Streaming Decoder-Only Automatic Speech Recognition with Discrete Speech Units: A Pilot Study
Peikun Chen, Sining Sun, Changhao Shan, Qing Yang, Lei Xie
TL;DR
This work presents a pilot study on streaming decoder-only automatic speech recognition using discrete speech units, introducing boundary tokens (BTI) and right-chunk attention to enable low-latency streaming while maintaining contextual modeling. It compares BTI with Text Token Insertion (TTI) and demonstrates that BTI yields superior CER performance on AISHELL-1 (reaching 5.9% with LLM initialization) and AISHELL-2 (7.2% without speed perturbation), approaching non-streaming decoder-only baselines. The study also shows that data augmentation, especially label smoothing, and the use of off-the-shelf LLMs for initialization can further improve performance. Overall, the results validate streaming decoder-only ASR with discrete units as a viable approach, with future work aimed at larger models, more languages, and alternative speech tokenizers.
Abstract
Unified speech-text models like SpeechGPT, VioLA, and AudioPaLM have shown impressive performance across various speech-related tasks, especially in Automatic Speech Recognition (ASR).

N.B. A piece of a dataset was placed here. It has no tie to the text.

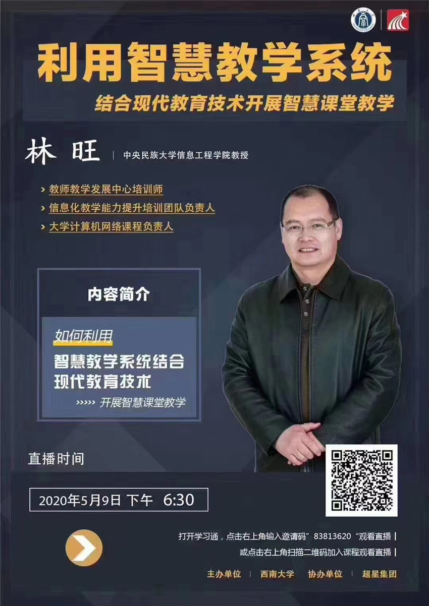 5月9日下午,中央民族大学林旺教授就第三堂课:“利用智慧教学系统结合现代教育技术开展智慧课堂教学”进行直播培训。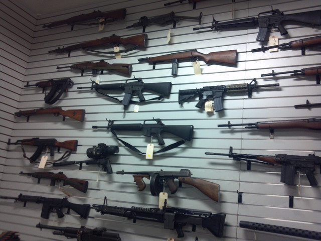 A variety of military assault rifles - some in use, others just prototypes.From top to bottom:

These models typically adopt a unified method to model discrete speech and text tokens, followed by training a decoder-only transformer. However, they are all designed for non-streaming ASR tasks, where the entire speech utterance is needed during decoding. Hence, we introduce a decoder-only model exclusively designed for streaming recognition, incorporating a dedicated boundary token to facilitate streaming recognition and employing causal attention masking during the training phase. Furthermore, we introduce right-chunk attention and various data augmentation techniques to improve the model's contextual modeling abilities. While achieving streaming speech recognition, experiments on the AISHELL-1 and -2 datasets demonstrate the competitive performance of our streaming approach with non-streaming decoder-only counterparts.